Я согласен с Линкольном, который, как никто ни до, ни после него, хорошо понимал, что наша демократия имеет и совещательную функцию, и границы этой совещательности. Мы помним твердость и глубину его убеждений, его категорическое неприятие рабства и уверенность в том, что, если дом разделится сам в себе, не сможет устоять дом тот. Но практические стороны его президентства могли бы сегодня показаться неприемлемыми; сама жизнь заставляла его идти на договоренности с южанами, чтобы сохранить союз без войны, назначать и снимать генералов, пробовать то одну, то другую стратегию, когда война все же разразилась, безразмерно растягивать положения Конституции, чтобы война наконец успешно завершилась. Мне нравится думать, что Линкольн никогда не менял своих убеждений в интересах целесообразности. Скорее в душе ему необходимо было сохранить равновесие между двумя противоположными стремлениями — во-первых, что нам нужно достичь взаимопонимания путем переговоров именно потому, что никто из нас не совершенен и не может действовать с такой уверенностью, как будто сам Господь Бог на его стороне; но, во-вторых, иногда нужно все-таки действовать так, как будто мы уверены, что только Провидение способно защитить нас от ошибок.

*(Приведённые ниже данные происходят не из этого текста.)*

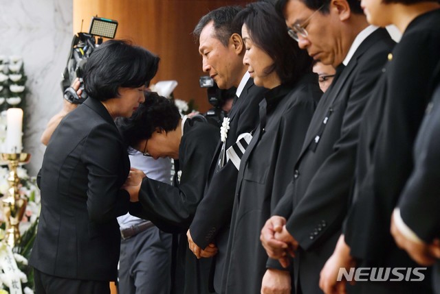 【서울=뉴시스】사진공동취재단 = 추미애 더불어민주당 대표가 24일 오전 서울 서대문구 신촌 세브란스병원 장례식장에 마련된 고 노회찬 정의당 원내대표의 빈소를 찾아 부인 김지선 씨를 위로하고 있다. 2018.07.24.

Это самосознание, эта сдержанность позволили Линкольну сохранить свои принципы в условиях нашей демократии, среди речей и споров, среди таких аргументов, которые взывали к лучшим сторонам натуры любого человека. Когда договоренность между Севером и Югом стала невозможной, а война неизбежной, эта сдержанность позволила ему уберечься от соблазна очернения тех семей, которые сражались на другой стороне, и от преуменьшения ужасов войны, пусть даже и справедливой. Кровь рабов напоминает нам, что прагматизм иногда оборачивается трусостью. Линкольн и те, кто похоронен в Геттисберге, напоминают нам, что мы должны отстаивать наши абсолютные истины, только если признаем, что можем заплатить ужасную цену.

Все эти полуночные размышления оказались необязательными, когда я быстро принял решение о кандидатурах, предложенных Джорджем Бушем на посты в Федеральном апелляционном суде. В конце концов кризис в Сенате удалось если не преодолеть, то хотя бы оттянуть: семеро сенаторов-демократов согласились не подвергать обструкции троих из пятерых предложенных Бушем сомнительных кандидатов и пообещали, что будут прибегать к обструкции лишь при более «чрезвычайных обстоятельствах». В ответ на это семеро республиканцев согласились проголосовать против «крайнего средства», которое могло бы навсегда покончить с обструкцией, — опять же с оговоркой, что могут и передумать в случае «чрезвычайных обстоятельств». Какие это такие «чрезвычайные обстоятельства», толком никто не мог сказать, но активные деятели как республиканцев, так и демократов, которым не терпелось ринуться в схватку, жаловались на капитуляцию своих партий.